Hi,
Am 28.03.2013 21:04, schrieb Guillaume Bailleul:
On Tue, Mar 26, 2013 at 2:21 PM, Maruan Sahyoun <sahy...@fileaffairs.de> wrote:
Hi there,
here is a rough summary of some ideas I have for a potential pdfbox 2.0
release. Maybe we could capture these as part of a wiki or jira ticket so we
can add and agree on some of these if we want to. As soon as we have agreement
we could have individual tickets for them.
WDYT?
# rearchitect PDF parsing into lexing, incremental (non caching) parser and
caching parser
o the lexer would be the low level component delivering tokens to the parser. A
sample implementation exists as part of PDFBOX-1000. The benefit would be a
clean low level handling of tokens. Although I proposed the lexer I'm not
totally happy with the current implementation. That's something for another
mail/ticket ...
o the incremental (non caching) parser would allow for page by page processing
moving forward only to support text extraction, merging, splitting … - the
benefit would be a lower memory consumption as well as a potential faster
processing
o the caching parser would support applications such a PDFDebugger or PDFReader
# handling of pdf versions
the current implementation is a mix of PDF 1.4 and some adhoc additions without
a clear distinction what is and is not supported. We could ad some support for
explicitly handling versions in pdfbox e.g. my marking certain methods and
properties to the pdf version support level. This could in addition be a good
basis for PDF/A and other compliance checks.
# handle large pdf files
in addition to the pdf parsing pdfbox does not always handle large pdf files
well as some of the references are implemented as int instead of long
# split pdfbox into modules to support use cases such as text extraction and
merge with the minimum amount of classes needed. more app like tolls such as
the PDFDebugger or PDFReader could be additional modules.
With kind regards
Maruan Sahyoun
Hi Maruan,
I think some wiki pages should be good. This discussion already
started but as mails in the list or maybe jira tickets lost in the
flow.
There is an apache wiki [1], but I found nothing on PDFBox, a good way
occasion to start.
Once we migrated our site to the Apache CMS we'll have some sort of wiki, so
that we IMHO don't have to ask for other one.

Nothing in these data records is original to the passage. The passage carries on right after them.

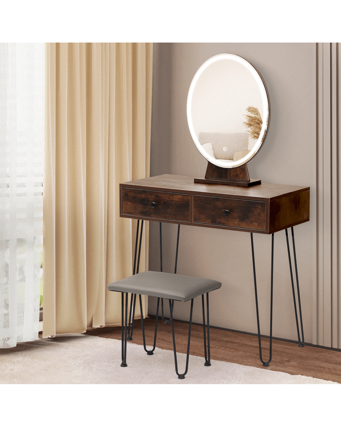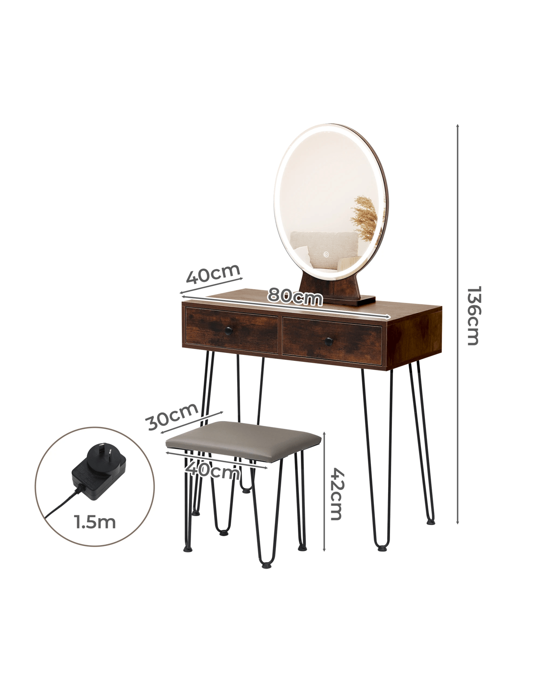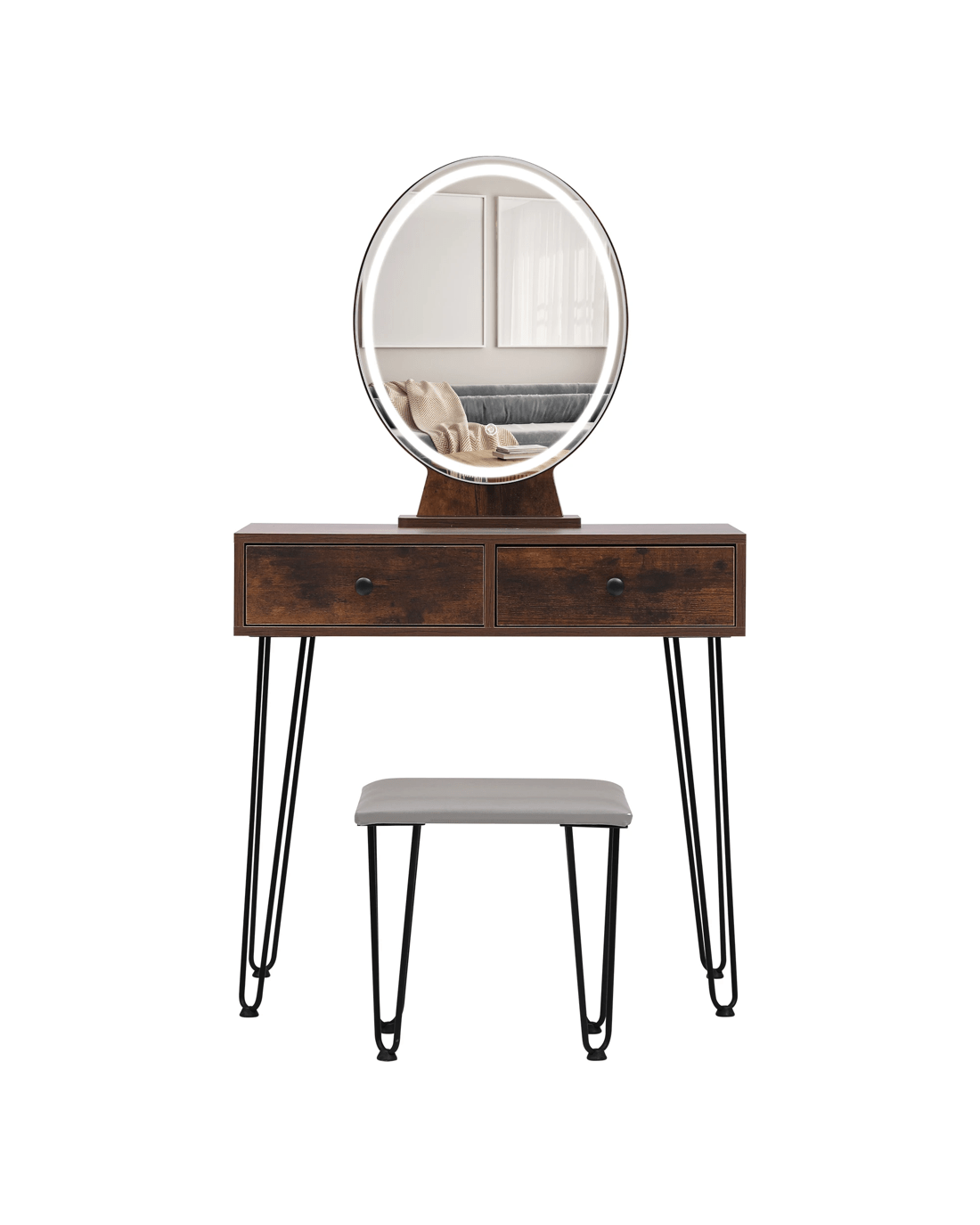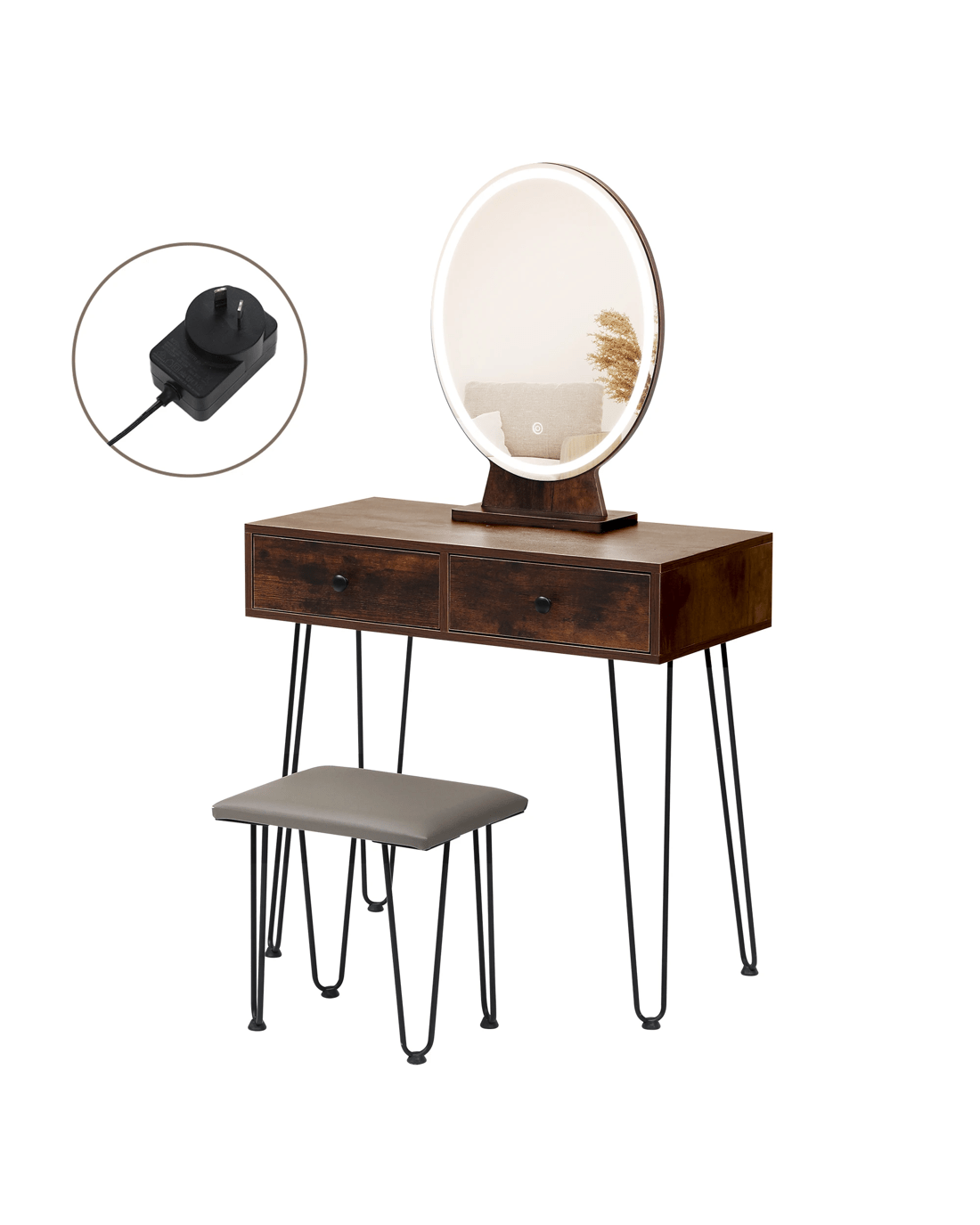 Sold by Sello ProductsLevede Led Mirror Dressing Table Set - Brown
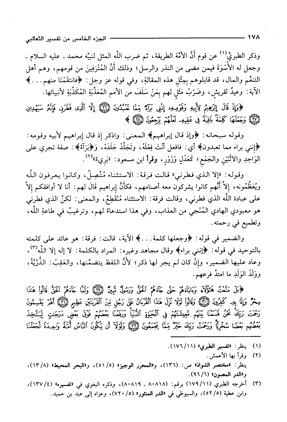 وَإِذْ قالَ إِبْراهِيمُ لِأَبِيهِ وَقَوْمِهِ إِنَّنِي بَراءٌ مِمَّا تَعْبُدُونَ (26) إِلاَّ الَّذِي فَطَرَنِي فَإِنَّهُ سَيَهْدِينِ (27) وَجَعَلَها كَلِمَةً باقِيَةً فِي عَقِبِهِ لَعَلَّهُمْ يَرْجِعُونَ (28)
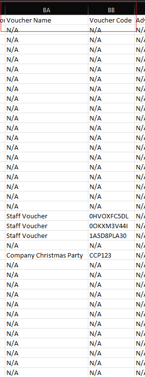 - To view the voucher summary in a CSV file, open the exported CSV and look for columns BA and BB, which show the Voucher Name and Voucher Code.
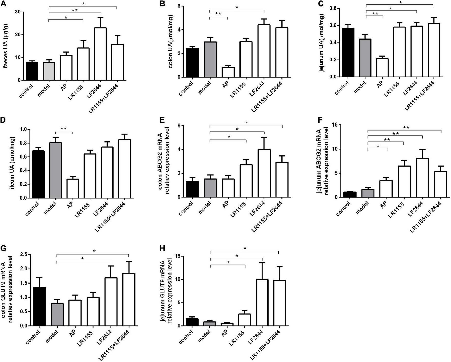 Effects of LR1155 and LF2644 on intestinal uric acid excretion in hyperuricemia rats. (A) Fecal UA levels. (B–D) UA contents of colon, jejunum and ileum. (E,F) Gene expressions of ABCG2 in colon and jejunum. (G,H) Gene expressions of GLUT9 in colon and jejunum. Data are expressed as mean ± SEM (n = 10–12 per group). *P < 0.05, **P < 0.01 vs. the model group.
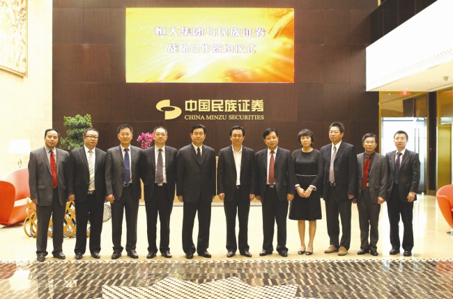 8月17日,恒大集团与中国民族证券有限公司战略合作签约仪式在京举行,恒大集团董事局主席许家印,中国民族证券有限公司董事长赵大建,党委书记岳文海出席了签约仪式。恒大集团董事局副主席、总裁夏海钧与中国民族证券有限公司总裁罗农平分别代表合作双方在战略合作协议上签字。
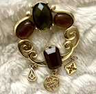 Charm Brooch Pin Jeweled Ornate Victorian Gold Plated Glass Cabochons Vintage Size: 2.5” x 1.75” Condition: Great pre-owned, vintage condition. See images.
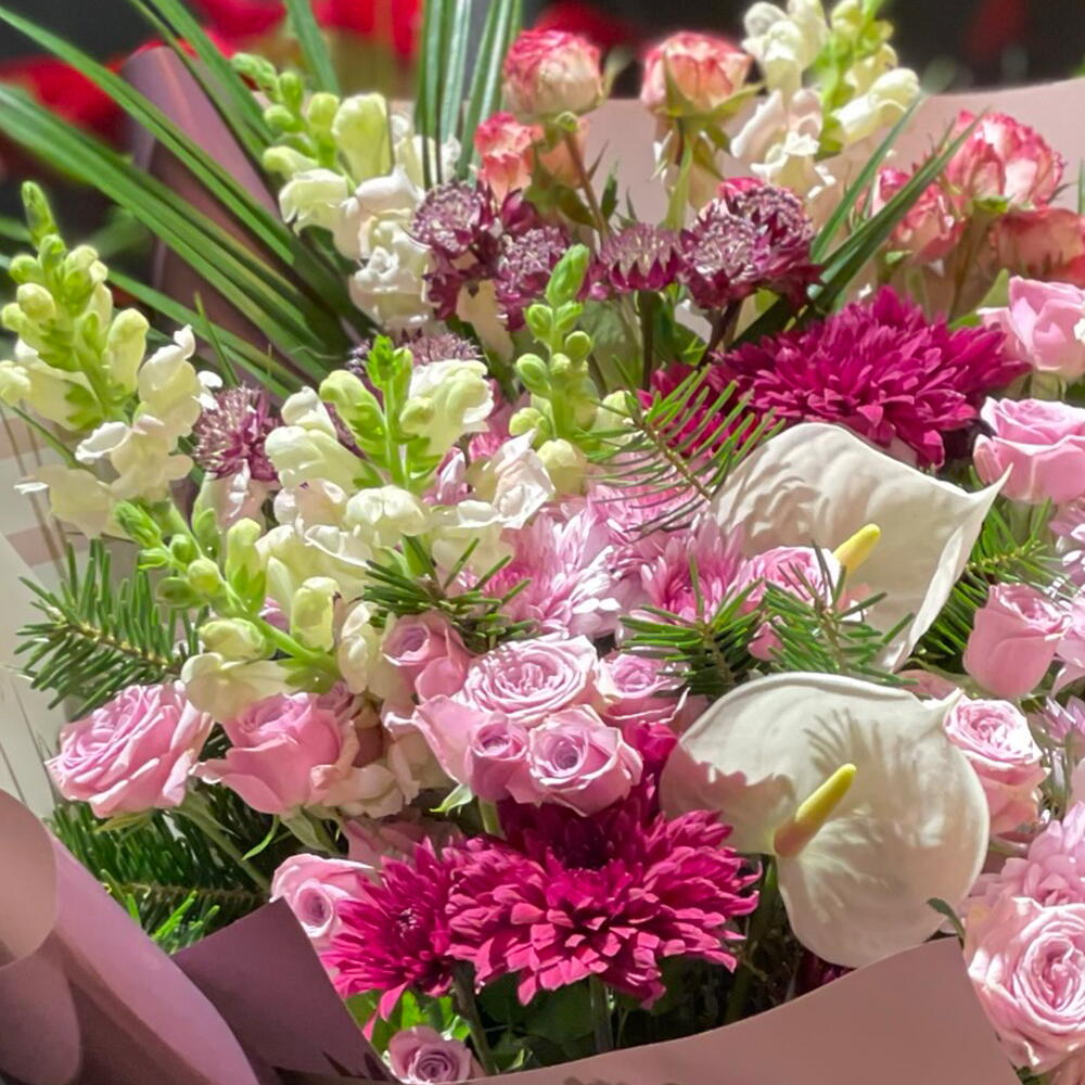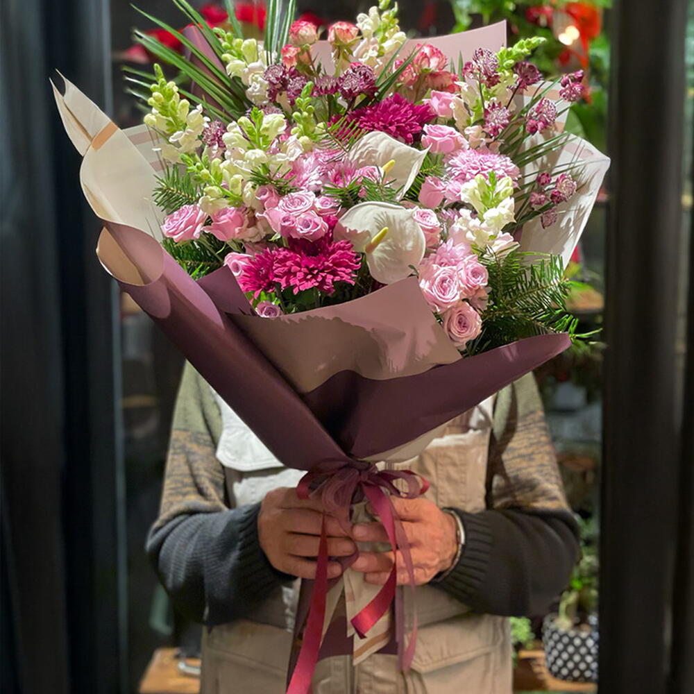 An elegant bouquet design featuring pink roses, white anthuriums, snapdragons, and colorful seasonal flowers. Product height: 60 cm.
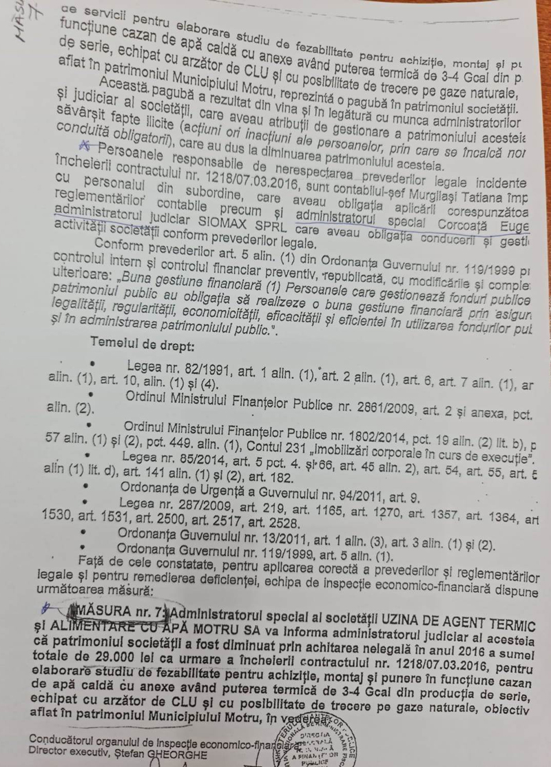 Îi reamintim însă, lui Corcoață, că în 2021, Administrația Națională Fiscală a emis o dispoziție obligatorie către UATAA, în urma unui control efectuat în anul 2020. Pe lângă multe alte nereguli, s-a constatat atunci faptul că UATAA, aflată în insolvență la acea vreme, a elaborat un studiu de fezabilitate pentru achiziție, montaj și punere în funcțiune a unui cazan de apă caldă, cu o putere termica de 3-4 gigacalorii. Este vorba despre un cazan echipat cu un arzător de CLU și cu posibilitate de trecere pe gaze naturale, care nu a funcționat niciodată la parametri normali, fiind subdimensionat pentru instalațiile de distribuție a agentului termic. Pentru acesta, statul a finanțat cu o sumă importantă (peste 9 miliarde). Cu toate acestea, Finanțele, scriu negru pe alb, că studiul reprezintă o pagubă în patrimoniul societății. Paguba a rezultat din vina și în legătură cu munca administratorilor societății care aveau atribuții de gestionare a patrimoniului acesteia. Respectivii au săvârșit fapte ilicite, care au dus la diminuarea patrimoniu UATAA.

I do not have many more ideas. According to me, having different
modules for PDF parsers, PDF makers and PDF viewers is an important
one.
This is one of my favourites, too. Let's see what'll come up. At least we don't
only need people who are interested in some features but also in implementing
it ;-)
[1] http://wiki.apache.org/general/
Guillaume Bailleul
BR
Andreas Lehmkühler